Remembering Trudell by Matt RemleTweet
“He is extremely eloquent, therefore extremely dangerous.”
~FBI memo on John Trudell
On December 8th, 2015 Santee Sioux activist, artist, actor, poet, and one time national chairman for the American Indian Movement John Trudell passed on.
John Trudell was born Feb. 15, 1946, in Omaha, Nebraska and grew up near the Santee Sioux Reservation. After a serving in the US Navy, Trudell became involved Native activism and in 1969 he joined others in the occupation of Alcatraz were he served as the spokesman.
The 14 month occupation of Alcatraz drew international attention to the issues impacting Native communities from treaty rights abuses to poverty. John Trudell gave daily radio addresses from the island.
Alcatraz Proclamation To the Great White Father and his People 1969
We, the native Americans, re-claim the land known as Alcatraz Island in the name of all American Indians by right of discovery. We wish to be fair and honorable in our dealings with the Caucasian inhabitants of this land, and hereby offer the following treaty: We will purchase said Alcatraz Island for 24 dollars in glass beads and red cloth, a precedent set by the white man’s purchase of a similar island about 300 years ago.

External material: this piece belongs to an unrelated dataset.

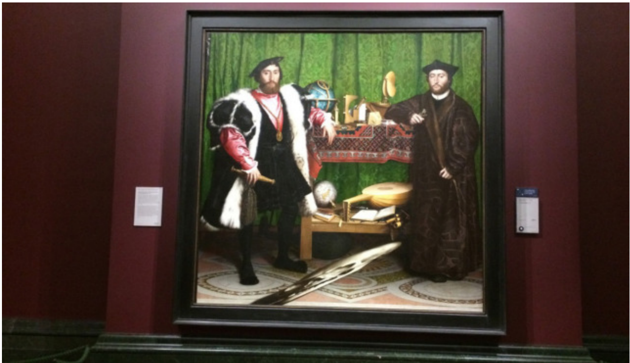
Hans Holbein: Die zwei Gesandten, National Gallery

Die „Sprache“ der ausgestellten Dinge auf Holbeins »Gesandten« zusammen mit der Mahnung des Totenschädels, die gerissene Saite, die führte zu interessanten Spontandiskussionen unter denen, die sich zufällig vor dem Bild wiedertrafen.

We know that $24 in trade goods for these sixteen acres is more than was paid when Manhattan Island was sold, but we know that land values have risen over the years. Our offer of $1.24 per acre is greater than the 47 cents per acre the white men are now paying the California Indians for their land. We will give to the inhabitants of this land a portion of that land for their own, to be held in trust by the American Indian Government for as long as the sun shall rise and the rivers go down to the sea — to be administered by the Bureau of Caucasian Affairs (BCA). We will further guide the inhabitants in the proper way of living. We will offer them our religion, our education, our life-ways, in order to help them achieve our level of civilization and thus raise them and all their white brothers up from their savage and unhappy state. We offer this treaty in good faith and wish to be fair and honorable in our dealings with all white men. We feel that this so-called Alcatraz Island is more than suitable as and Indian Reservation, as determined by the white man’s own standards.
By this we mean that this place resembles most Indian reservations, in that:
1. It is isolated from modern facilities, and without adequate means of transportation.
2. It has no fresh running water.
3. The sanitation facilities are inadequate.
4. There are no oil or mineral rights.
5. There is no industry and so unemployment is very great.
6. There are no health care facilities.
7. The soil is rocky and non-productive and the land does not support game.
8. There are no educational facilities.
9. The population has always been held as prisoners and kept dependent upon others.
Further, it would be fitting and symbolic that ships from all over the world, entering the Golden Gate, would first see Indian land, and thus be reminded of the true history of this nation. This tiny island would be a symbol of the great lands once ruled by free and noble Indians.
From 1973-1979, Trudell served as the national chairman of the American Indian Movement. In 1979, while at a demonstration in Washington DC, Trudell’s pregnant wife, Tina Manning, three children and his mother-in-law were killed in a fire at her parents house on the Duck Valley reservation. Trudell and others have long suspected government involvement as the cause of the fire.
The FBI dossier on Trudell exceeded 17,000 pages, one of the largest in bureau history.
In 1983, Trudell released “Tribal Voice” a spoken word album to critical acclaim. He would go on to record several albums.
In addition to being a musician, Trudell made several film appearances including the 1992 critically acclaimed “Thunderheart” and in 1998 “Smoke Signals”.
In 2005, the documentary “Trudell” was released that documented his life from growing up in Nebraska, to his involvement with the American Indian Movement, to his life as a musician and spoken word artist.
Trudell inspired generations of Native peoples and non-Native peoples alike with his philosophies and world views that challenged people to think deeply and critically about the industrial societies in which we live in and what it means to be a human in a world that is rapidly losing its understanding of being human.